Deblur uses two types of filtering on the sequences:

  • Negative mode - removes known artifact sequences (i.e. sequences aligning to PhiX or Adapter with >=95% identity and coverage).

  • Positive mode - keeps only sequences similar to a reference database (by default known 16S sequences). SortMeRNA is used, and any sequence with an e-value <= 10 is retained. Deblur also outputs a BIOM table without this positive filtering step (named all.biom).

The FASTA files for both of these filtering steps can be supplied via the --neg-ref-fp and --pos-ref-fp options. By default, the negative database is composed of PhiX and adapter sequence and the positive database of known 16S sequences.

Deblur uses negative mode filtering to remove known artifact (i.e. PhiX and Adapter sequences) prior to denoising. The output of Deblur contains three files: all.biom, which includes all sOTUs, reference-hit.biom, which contains the output of positive filtering of the sOTUs (default only sOTUs similar to 16S sequences), and reference-non-hit.biom, which contains only sOTUs failing the positive filtering (default only non-16S sOTUs).

Minimal Reads Filtering

Deblur runs on each sample independently. However, sometimes there is also additional information based on the total number of times an sOTU is observed in all samples (e.g. an sOTU which is observed only in one sample at low read count is more likely to be pcr/read error as opposed to an sOTU present in many samples). The --min-reads option allows to use this information by removing sOTUs with a total read count (across all samples) lower than the given threshold. The default value is set to 10, and should be useful for most cases.
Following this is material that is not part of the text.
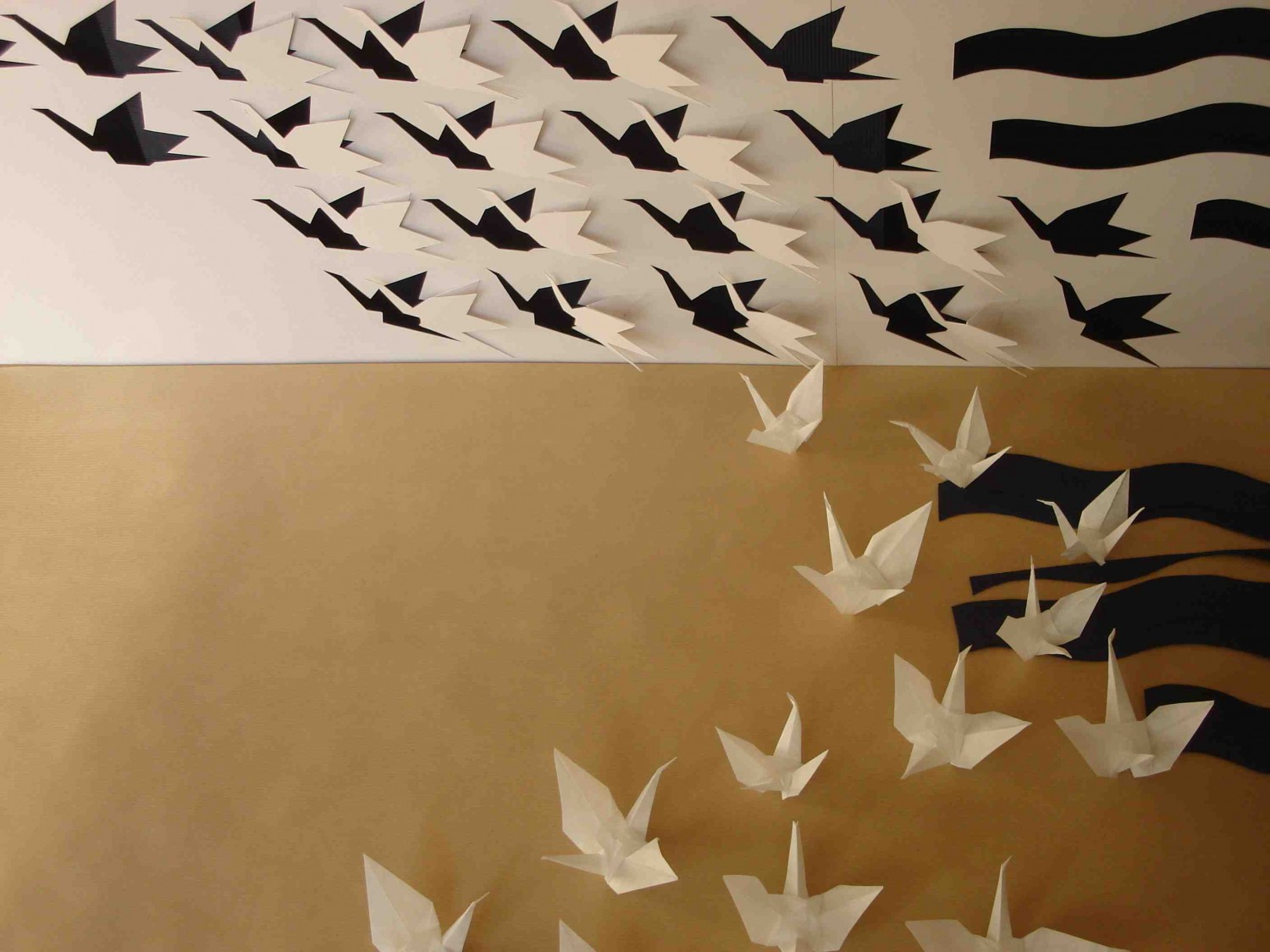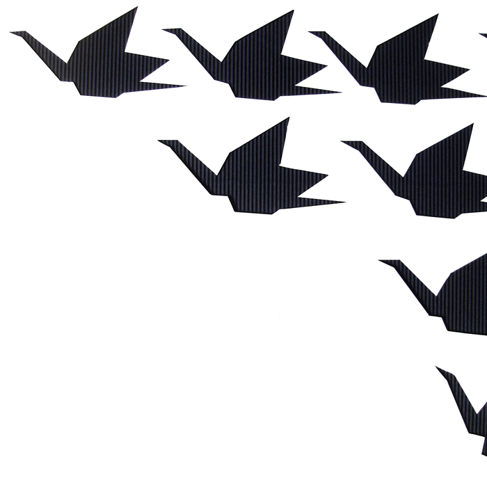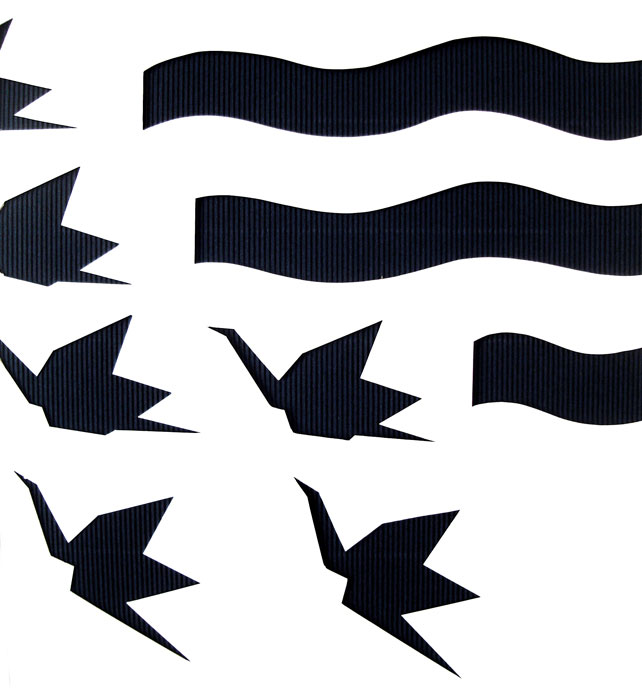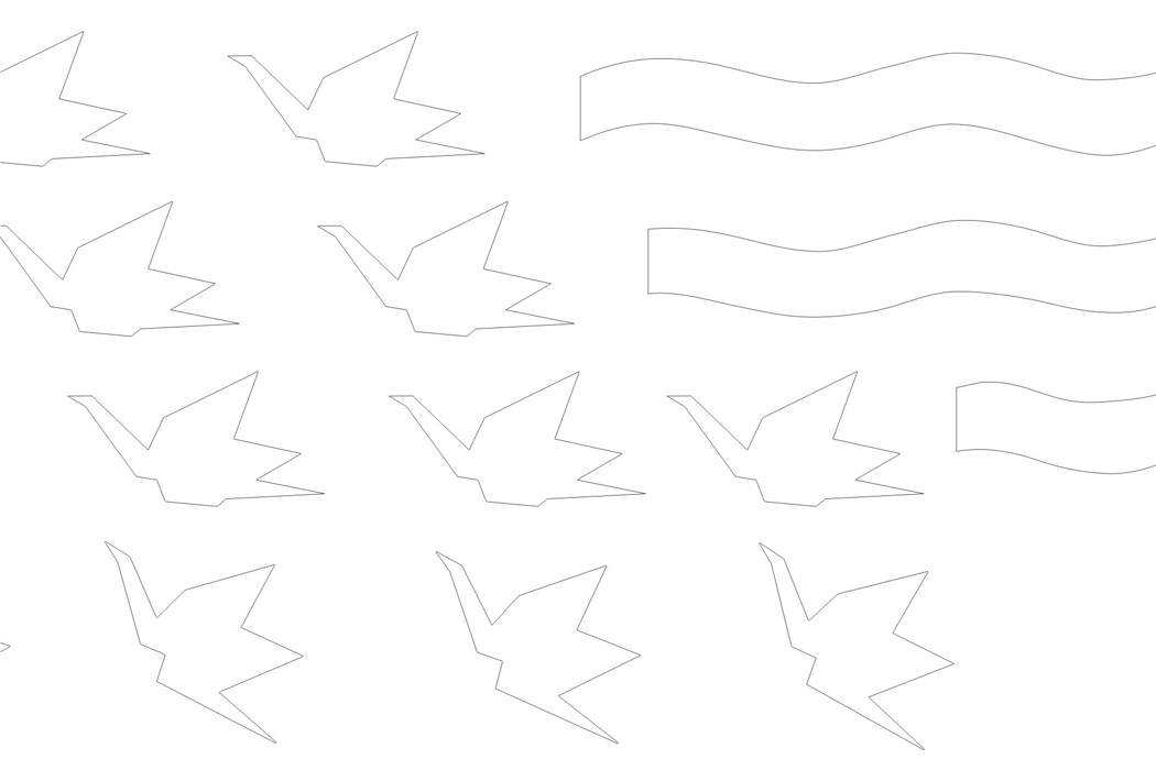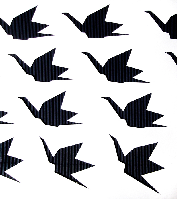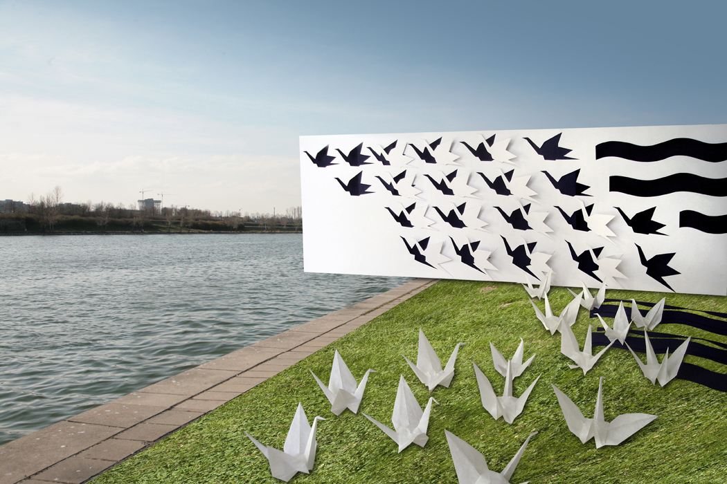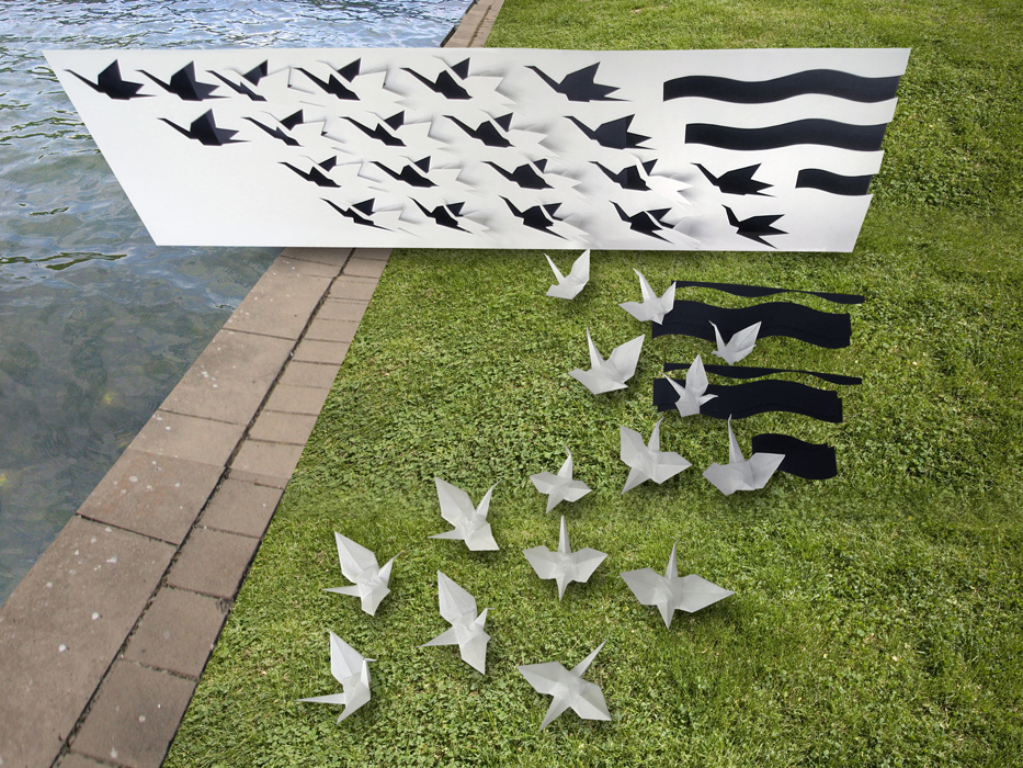 Les oiseaux sont associés à l’idée de vol. La position des grues en trois dimensions se trouvant au sol indique leur décollage imminent. Leur disposition, qui épouse une courbe aléatoire, suggère le mouvement de rotation des grues entamé après le décollage. Enfin, sur le plan vertical, le vol proprement dit est signifié par le jeu des découpes des grues figurant sur le panneau.

However, if such filtering is not wanted (e.g. if all samples in an experiment are expected not to contain the same bacteria, so no additional information is gained by combining the information from multiple samples), --min-reads can be set to 0 to skip this final filtering step.

Troubleshooting

  • Mac users: if you get the following error:

RuntimeError: Python is not installed as a framework. The Mac OS X backend will not be able to function correctly if Python is not installed as a framework. See the Python documentation for more information on installing Python as a framework on Mac OS X. Please either reinstall Python as a framework, or try one of the other backends. If you are Working with Matplotlib in a virtual enviroment see 'Working with Matplotlib in Virtual environments' in the Matplotlib FAQ

You can solve it by the following commands:

cd ~/.matplotlib
echo "backend: TkAgg" >> ~/.matplotlib/matplotlibrc
  • "Too many open files" : This error indicates deblur is trying to split a single fasta/q file into per-sample files, and the OS does not allow so many open simultaneous open files. Current solution is to use the qiime1.9 command split_sequence_file_on_sample_ids.py or the equivalent qiime2 command to split the single fasta/q file into a directory of per sample fasta/q files and then run deblur with this directory as the input to deblur (--seqs-fp).

Code Development Note

Some of the code in the package deblur has been derived from QIIME. The contributors to these specific QIIME modules have granted permission for this porting to take place and put under the BSD license.